Interesting that the FBI was involved but no Americans arrested. I would imagine that these devices were made and distributed in countries that don't have a 14th Amendment type protections.
 
Why make it public? they should have kept the operation going.
Probably they caught everyone they thought they could get: either they got everyone important, or they expected they story to break and that everyone else using the app would disappear.
 
Interesting that the FBI was involved but no Americans arrested. I would imagine that these devices were made and distributed in countries that don't have a 14th Amendment type protections.
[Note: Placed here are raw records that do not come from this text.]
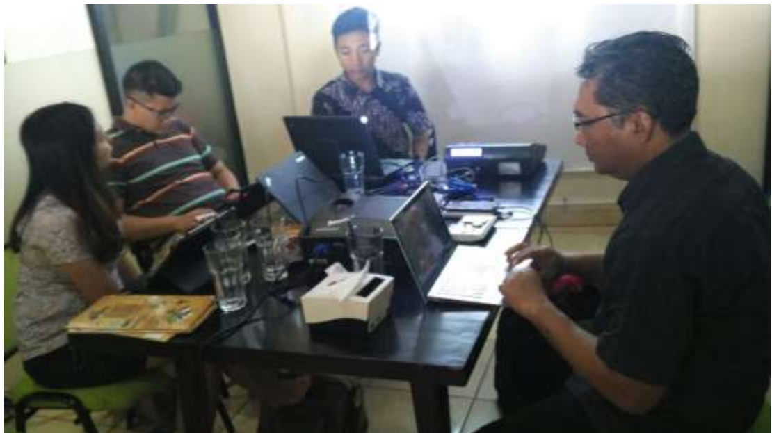
Koordinasi dan pengadaan tapping box di Jakarta

Pada tahap tersebut petugas IT Dinas Pendapatan melaksanakan koordinasi ke Jakarta pada tanggal 2 dan 3 Agustus 2016 untuk mempelajari perihal bisnis proses dan spesifikasi perangkat tapping box sekaligus pengadaannya. Selanjutnya pada tanggal 4 Agustus 2016 Tim Pembahasan Peraturan Bupati melakukan identifikasi, pengumpulan, dan pengolahan data-data terkait Peraturan Bupati tentang Pembayaran dan Pelaporan Transaksi Pajak Hotel dan Pajak Restoran Secara Elektronik dalam rangka sinkronisasi substansi materi regulasi yang mendasari operasionalnya.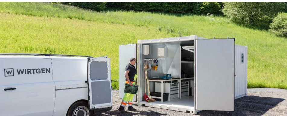
Volume : 33 m 3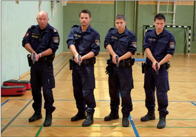
Schießausbildung: Die Handhabung der Dienstwaffen soll verbessert werden.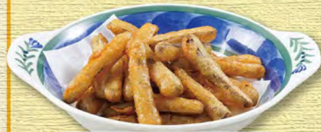
ごぼうの唐揚げ Fried Burdock ¥583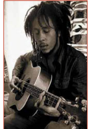
Bob Marley (à droite) reprinted le discours d'Haïlé Sélassié en 1963 aux Nations-Unies dans la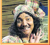
Tante Es...verlost van rugpijn...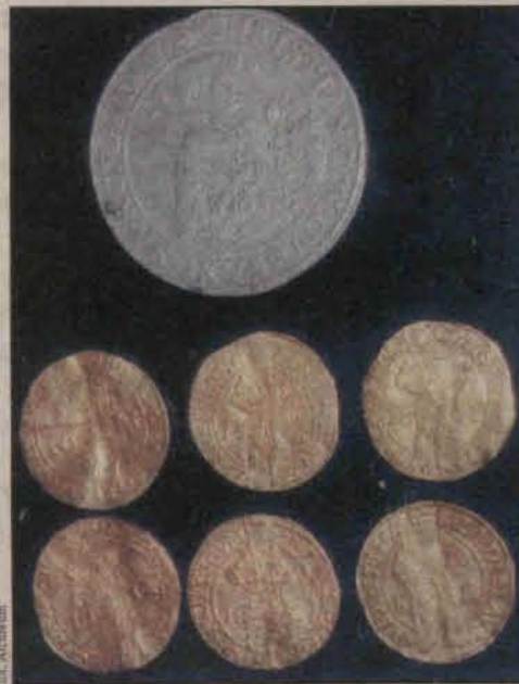
Odzyskano już 18 monet

Już 18 zabytkowych monet udało się odzyskać polkowickiej policji. Przypomnijmy, robotnicy podczas prac w Przemkowie znaleźli gliniany garnek z dukatami niderlandzkimi, ale nie zgłosili tego odpowiednim organom.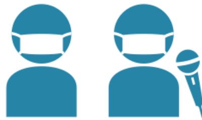
添乗員・乗務員のマスク着用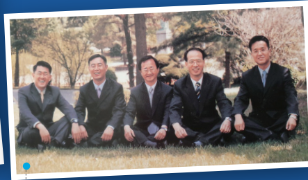
2004년 국방대학교 파견 시 국방전문가들과 함께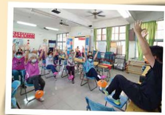
鼓勵家庭照顧者至據點參與活動

線發現照顧者的照顧負荷，同時也可以協助家庭照顧者進一步連結長照服務，鼓勵家照者一同參與據點活動，共同攜手合作，讓家照者不僅照顧家人也能疼惜自己，形成正向照顧循環，創造雙贏的照顧友善環境，逐步將臺南市打造為在地共老、共好的溫暖好所在。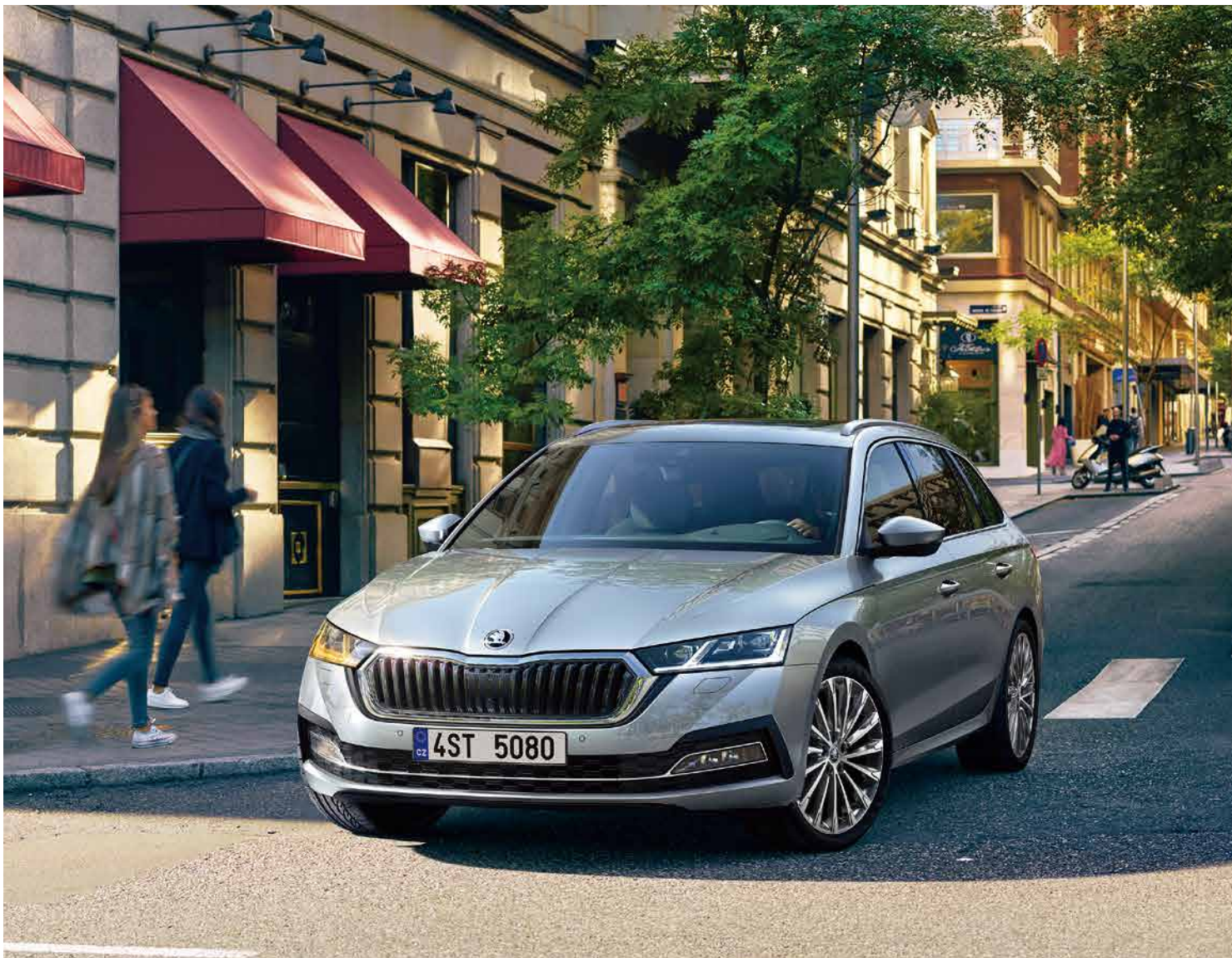
Škoda Octavia Combi 歐洲智世代旅行車。

Well, it is a more interesting story than not, it looks like the FBI caught the guy originally responsible for the App and the secure phone service, then he got the FBI access to the platform and continued to have it pimped out on his behalf in exchange for a lighter sentence. The operation run out of Australia mostly dealt with Asian organized crime operating in the area, so it is very likely that the service never actually made its way to the US. So the FBI gets a lot of credit for catching the mastermind but the App and the modified phones were in the wild for a long time before the FBI got involved with it.
 
Ouch. Being the Goober who recommended these things to all his larcenous chums has to suck.
Supposedly the app and the phones were secure for a long time until the guy running that program was caught by the FBI who gave them access to his network in exchange for a lighter sentence, that guy I have to assume is now employed by the FBI under a new name because his service looks to have mostly been used by the Asian crime syndicates operating in and around Australia and their branch locations. So I have to assume that its him that they are going to want to take this out on.
 
In addition to Signal, which is based on the open whisper protocol, which is OS, there's also Telegram.

If you want, you can deploy your own docker image, like
kayvan/signal-cli

Then you're not trusting anyone to manage your keys, and good luck ever having anyone spy on that.
 
It was the FBI.
No it was in use as a secure platform for a few years before the FBI got involved. The FBI caught the guy who developed the platform, then he got them access to it for a lighter sentence.